プラマイゼロ±

 某美少女戦士の内部戦士を中心に、原作、アニメ、実写、ミュージカル等問わず好き勝手にやってる創作、日記ブログです。

愛の女神のHow to love

2011-02-26 23:59:38 | SS




 マーキュリーは機嫌がよかった。
 ここ数日体調もいいし、外交面でも問題はないし、他の人が回す事務仕事の尻拭いをさせられることも珍しくなく、きちんと定時に仕事を終え、充分に睡眠も取れ、結果仕事がはかどると言う正のスパイラルを巡っていた。
 そんなこんなで本日も仕事を終え、妙に機嫌が良かったせいか鼻歌でも歌いたい気分でマーキュリーは自室に戻っていた。
 帰ってすぐにバスタブに直行し湯を張る。ジュピターから勧めてもらった入浴剤を心を弾ませ選ぶと、そのまま脱衣所に服を脱ぎ捨て、お湯が溜まるのを待ちながらシャワーのコックをひねり体に水を浴びせる。
 水の匂いと、触れ落ちる水の感覚。そしてその中で香り立ってくる入浴剤の匂いにマーキュリーは顔を綻ばせながら湯船が満ちるのを待つ。

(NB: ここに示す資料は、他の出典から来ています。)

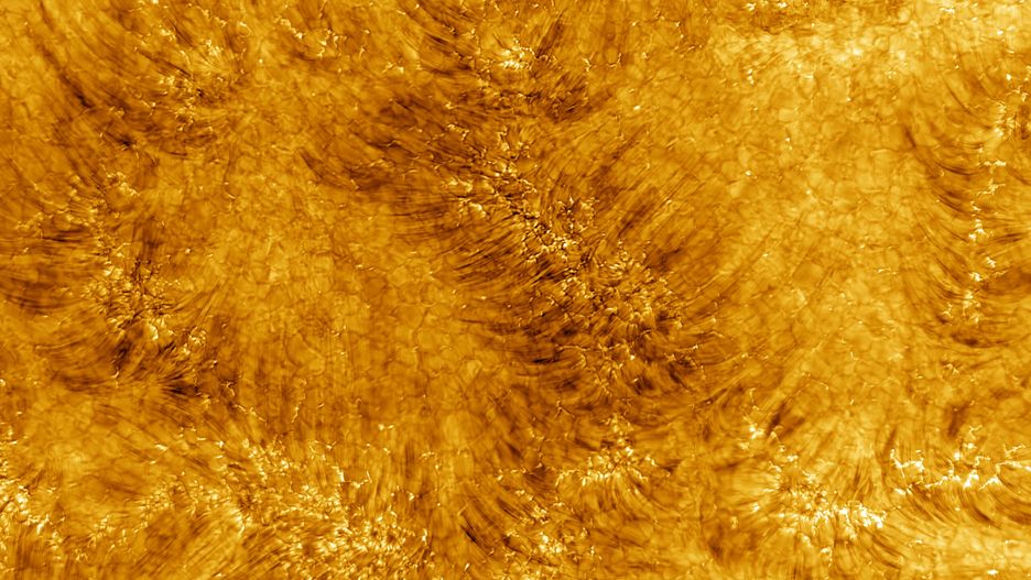 Z bliska, przy rozdzielczości zaledwie 18 kilometrów, środkowa warstwa atmosfery Słońca, znana jako chromosfera, wygląda niemal jak włochaty dywanik. Widoczne na zdjęciu jasne włókna ognistej plazmy, spływają do korony z czegoś w rodzaju porów przypominających plaster miodu. Te pękające plamy znane są jako granule, a każda z nich ma około 1600 kilometrów szerokości.

 心も体も解放されるバスタイム。水の戦士と言う性質もあるせいかマーキュリーは入浴が好きだった。そしてゆっくり入浴の時間が取れる余裕が嬉しいのか、マーキュリーは体に石鹸を滑らせながら微笑む。

 事件が起こるのはこんなときである。

「マーキュリー!こんばんはー!!」

 恐ろしいほど無遠慮に、まるでぶち破る勢いで浴槽のドアを開いた訪問者。マーキュリーは泡だらけの体を隠すことなくその訪問者と対峙した。金髪赤リボンの陽気なその姿をしばし見つめ数秒固まって瞬きを数回、改めてその姿を確認したマーキュリーは、眉一つ動かさず通信機のスイッチを入れた。

「マーズ!ジュピター!妖魔発見!すぐに来てっ!」
「Σええっ、ちょ、妖魔!?どこ!?」
「私の部屋の浴槽!ヴィーナスに化けて出たわ!」
「いやいやいやアイアム本人です!!」










「・・・マーズもジュピターも・・・・・・・呼び出して悪いことしたわね・・・」
「大体マーキュリーがいけないんでしょー?なにこの美しい姿を一目見て妖魔って!どんなに変身能力があったって、千人が千人振り向くこの美貌はあたしにしかありえないわよ」
「・・・ノックもせずに入ってきたら無条件で賊だと思うわ」
「だからって確認もせずに仲間呼ぶなんてどうよ?仮にも知性の戦士のくせに。ジュピターなんてかわいそうじゃない、太腿の内側に真新しい歯形ついてたわよ?」
「・・・そんなとこ見てたの?ジュピター、ペットでも飼ってるのかしら?」
「どんなどーぶつがそんなとこ噛むのよ!マーズにやられたに決まってんでしょお楽しみ中に呼び出しちゃったのよ!」
「・・・・・・・・・・・・あ・・・・・・・ええ・・・・・・・・・・・・・・・・・・・・・あああああああ」
「マーキュリーのにぶちんっ」
「本当に・・・・・・・・申し訳ないわ・・・・・・・・・・でもあなたは今日はいないはずじゃ」

 マーキュリーの記憶ではヴィーナスは数日前から他の星に調査と言う名目で出張していた。そして帰ってくるのは確か明日の夜と聞いていた。つまり数日前から月に不在で、今夜もいないはずだった。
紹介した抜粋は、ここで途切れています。